This analytics pipeline is composed of the following steps:
- EXTRACT - Data is procured from the NBA's API (see
src/api_helpers.py
) - LOAD - Data is loaded into BigQuery via a custom wrapper (see
src/utilities/bigquery.py
) - TRANSFORM - Raw BigQuery data is cleaned and reshaped with
dbt
(seenba_dbt/
)
You'll need a Google service account stored locally - ./service_accounts/nba-player-analytics-service.json
... this is used by every service!
The core cloud infrastructure is managed via Terraform in the infrastructure/
directory. Configuration, production and development datasets, a production Cloud Run service, and all the relevant IAM permissions are managed here. To run this locally, ensure you have a infrastructure/local.json
file defined like:
{
"USER_EMAIL": "<FILL>",
"SERVICE_ACCOUNT": "<FILL>",
"DOCKER_IMAGE_NAME": "<FILL>"
}
You'll find production and development Dockerfiles in the deploy/
directory. You can docker compose up --build -d
from the root of this project to build the dev environment; I've included a shell script to open an interactive terminal to test things out.

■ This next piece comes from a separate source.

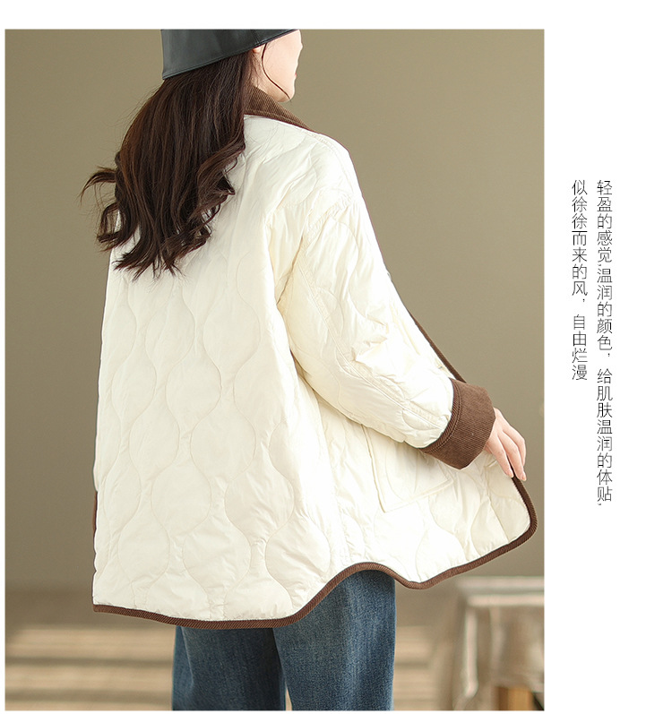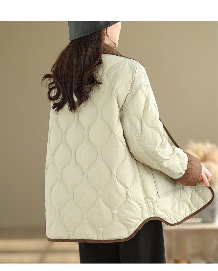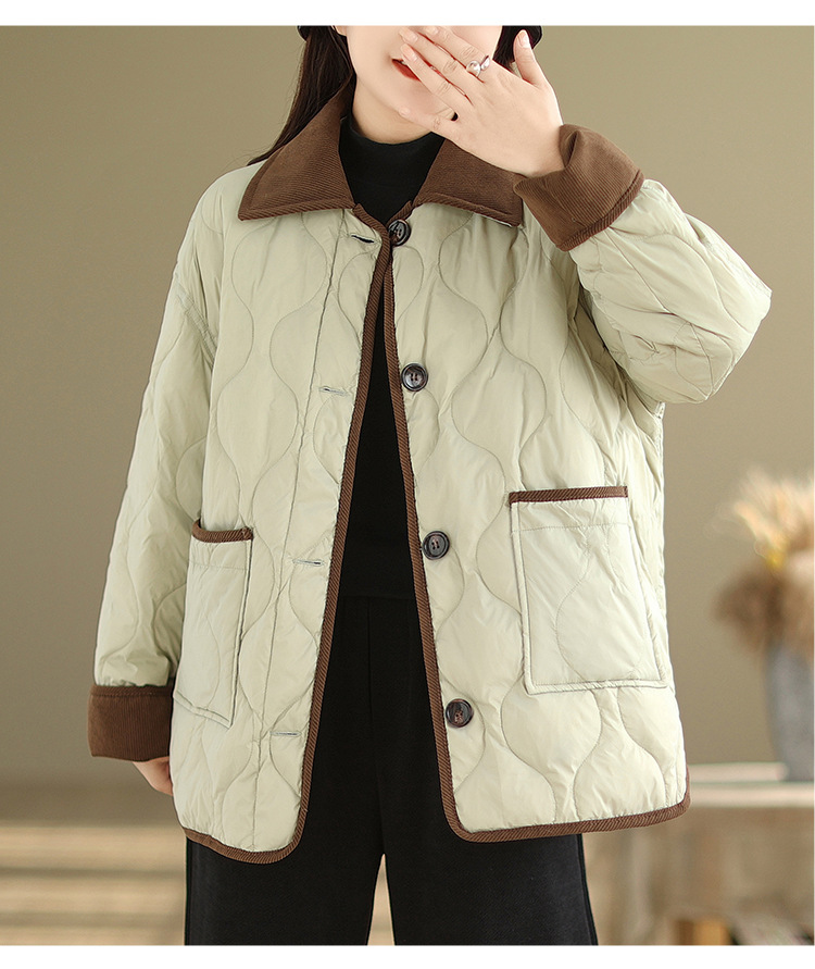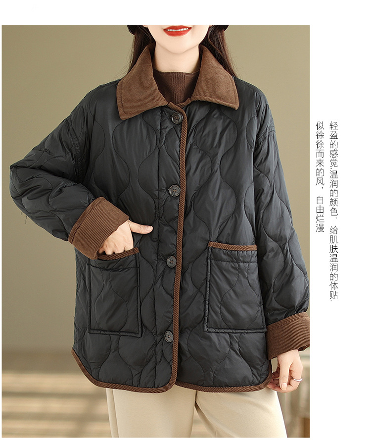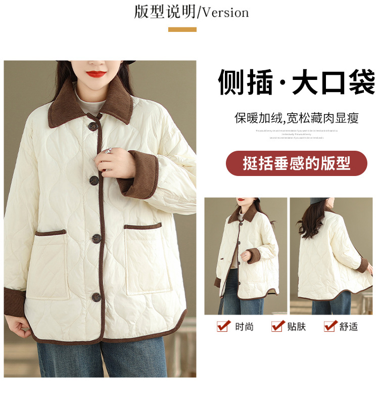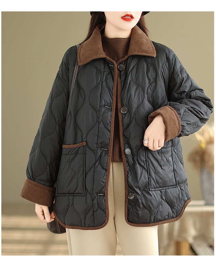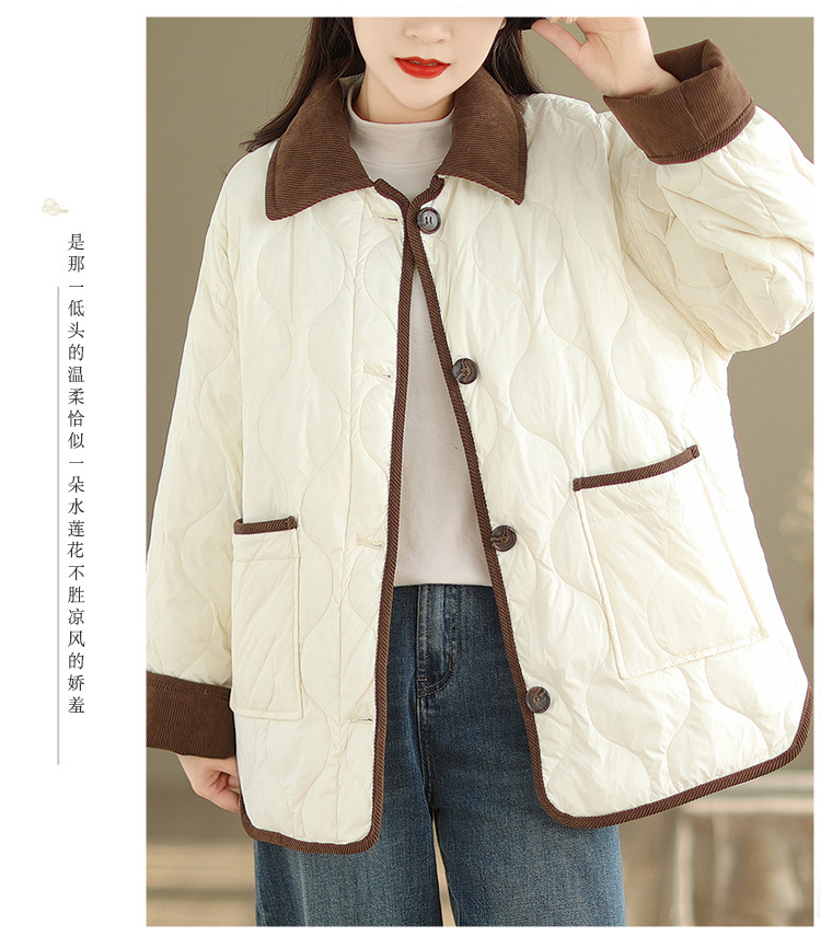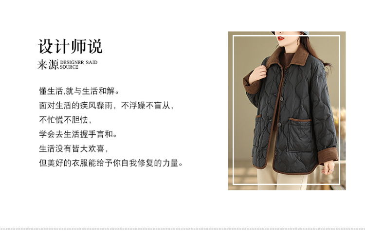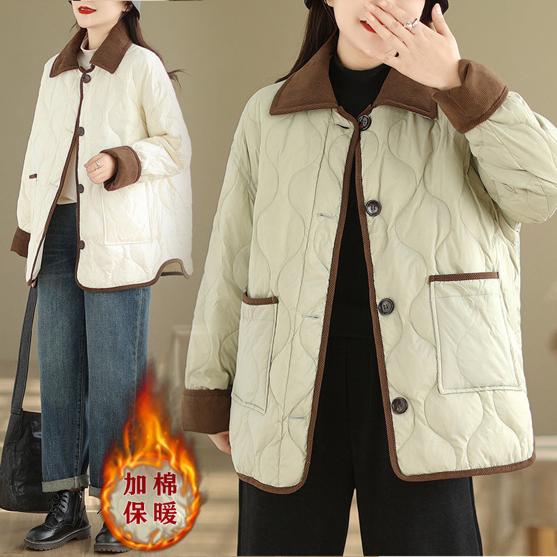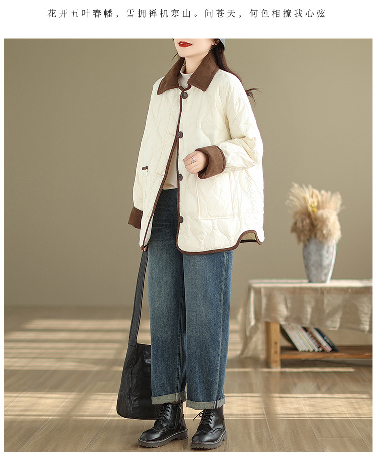Real shot 2025 autumn and winter new light and short contrasting color lapel rhombus padded jacket women's cotton-padded clothes #1026

The big difference here is that DEV sleeps infinitely, so it just sits idly and waits for a command. PROD runs a series of commands (defined in deploy/entrypoint.sh
) to authenticate the shell and connect it to Prefect Cloud.
This is all wrapped in src/run.py
. There are optional CLI arguments to run this locally (outside the cloud context), with a debugger, fully refreshing the data, etc... see src/utilities/cli.py
for a full list.
This project IS hardcoded to run Knicks data, because frankly that's all I cared to do!
All of the data transformations are handled by dbt - see nba_dbt/README.md
for a quick mapping. Transformations happen in staging/
, aggregations and splits happen in clean/
and individual players are modeled in player_summaries/
- Pull this data into a React app to serve as a dashboard. Player dropdown, stat dropdown, all team stats, etc.
- Train some simple ML models to predict team success as a factor of individual stats and conditions
- Team offensive rating when Jalen plays > 30 minutes?
- Defense against top-4 seeds when playing back to back games?